Artificial intelligence
Responsible applied AI: from experiment to production
Putting artificial intelligence into production takes more than selecting a model. The outcome depends on how technology connects to data, workflows, risk and the people who remain responsible for decisions.

Start with the work, not the model
A sound project begins with an operational question: what needs to improve? The answer might involve recovering scattered knowledge, reducing repetitive work or supporting a decision that currently depends on many sources. This definition guides architecture, experience and success criteria.
When the model comes first, teams tend to search for a problem that justifies the technology. When context comes first, they can decide whether AI is actually the right answer—and what degree of autonomy makes sense.
Data and integration are part of the product
Useful answers rely on sources that are understandable, current and accessible under clear rules. In a RAG architecture, indexing content is only the beginning: permissions, provenance, updates and traceability determine whether the outcome can be trusted.
The solution must also live inside real work. An isolated copilot that forces people to move context between systems rarely removes friction sustainably. Integration is not a later phase; it is part of the value proposition.

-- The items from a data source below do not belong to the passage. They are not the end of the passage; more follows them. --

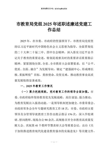 / 【七哥公文】2026年:市教育局党组2025年述职述廉述党建工作总结_副本+更多免费公文+VX:QiGeGongWen2024
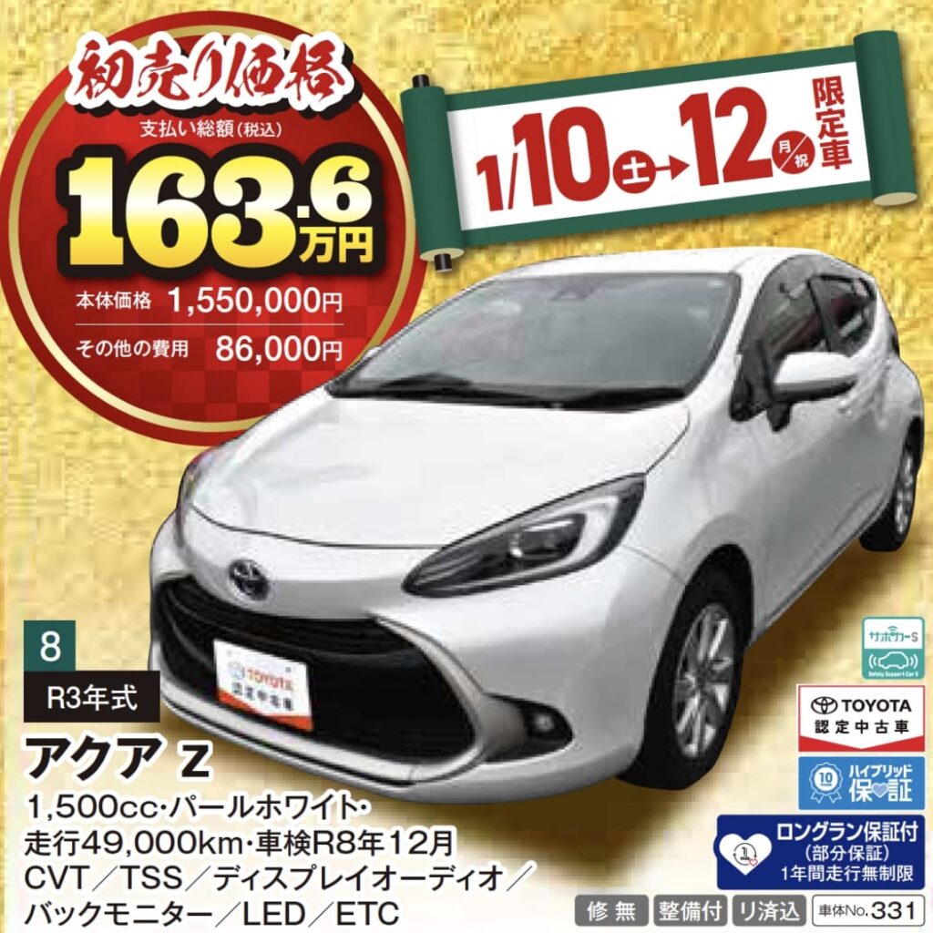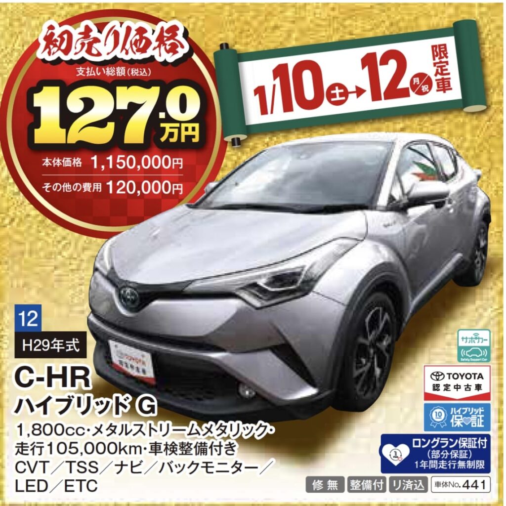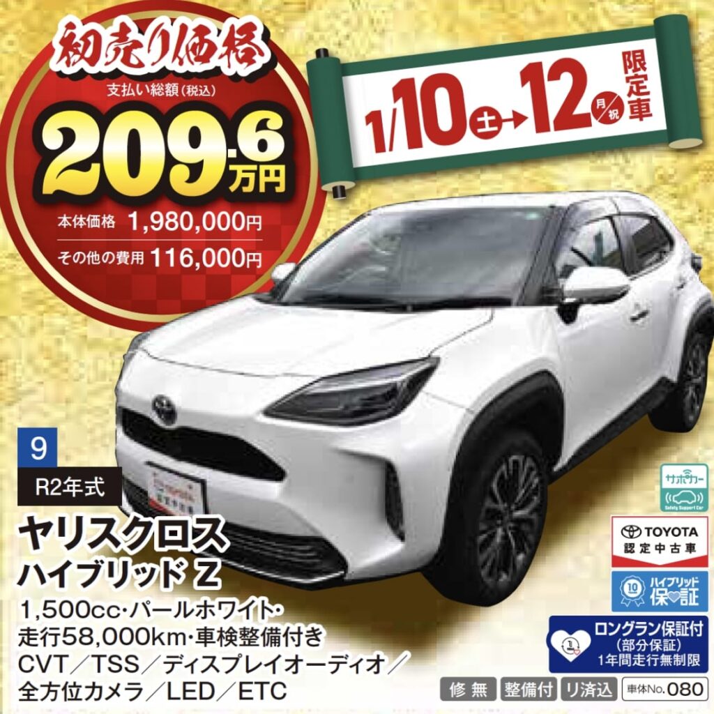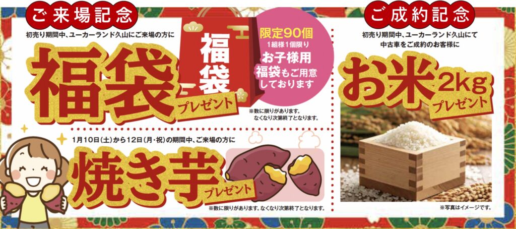 ※1月10日(土)〜12日(月・祝)限定の特選車希望者多数の場合は、10日朝10:00より抽選となりますので、ご了承ください。
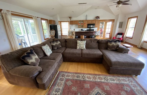 2nd Floor/ Mid Level: Front stairway leading to main entrance door on furnished sound view covered deck. Opens into living room sitting area that has 2 sofas, desk, chair with built in book case and cabinet, CF, coat closet. 1- Queen Bed Master Bedroom, TV, CF. 2-Jack and Jill Bedrooms- 1-bedroom has 1 Queen Bed, TV, CF 1-Bedroom has 1 Bunk bed, CF that share 1 full size bathroom with a breezeway sun room study accessing backyard door to deck with stairs also front yard sliding glass door to furnished sound view front deck. 1-very large Queen PRIMARY Bedroom (over 500sq.ft) with 1 Bunk Bed, TV, CF a sofa & rocking chair includes own private backyard furnished deck also built in bench seating & stairs leading to top level screened porch with table and chairs off the Great Room.

Evaluate before and after launch
Evaluation needs to mirror expected use. Real or synthetic cases and criteria for accuracy, coverage, safety and usefulness help compare versions and detect regressions. A compelling demonstration does not replace that discipline.
In production, appropriate telemetry, qualified feedback and periodic review reveal how behaviour changes. The aim is not to promise an absence of failure, but to create mechanisms that detect it, limit its impact and support learning.

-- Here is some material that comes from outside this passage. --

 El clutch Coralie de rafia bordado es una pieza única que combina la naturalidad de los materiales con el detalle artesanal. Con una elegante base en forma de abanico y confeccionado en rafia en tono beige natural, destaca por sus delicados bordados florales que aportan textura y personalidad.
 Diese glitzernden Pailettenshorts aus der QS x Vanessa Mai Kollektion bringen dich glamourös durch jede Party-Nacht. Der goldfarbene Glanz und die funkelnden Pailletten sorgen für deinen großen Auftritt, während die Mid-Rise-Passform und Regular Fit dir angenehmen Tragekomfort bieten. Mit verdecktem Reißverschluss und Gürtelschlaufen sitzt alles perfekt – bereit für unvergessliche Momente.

Responsibility remains human
The greater the impact of a decision, the more explicit the limits of automation must be. The interface should show what was generated, which sources support the answer and when a person needs to review or take over the process.
Responsible AI is not a layer of language added at the end. It is a combination of product, engineering, security and governance choices that stays with the system from discovery to everyday operation.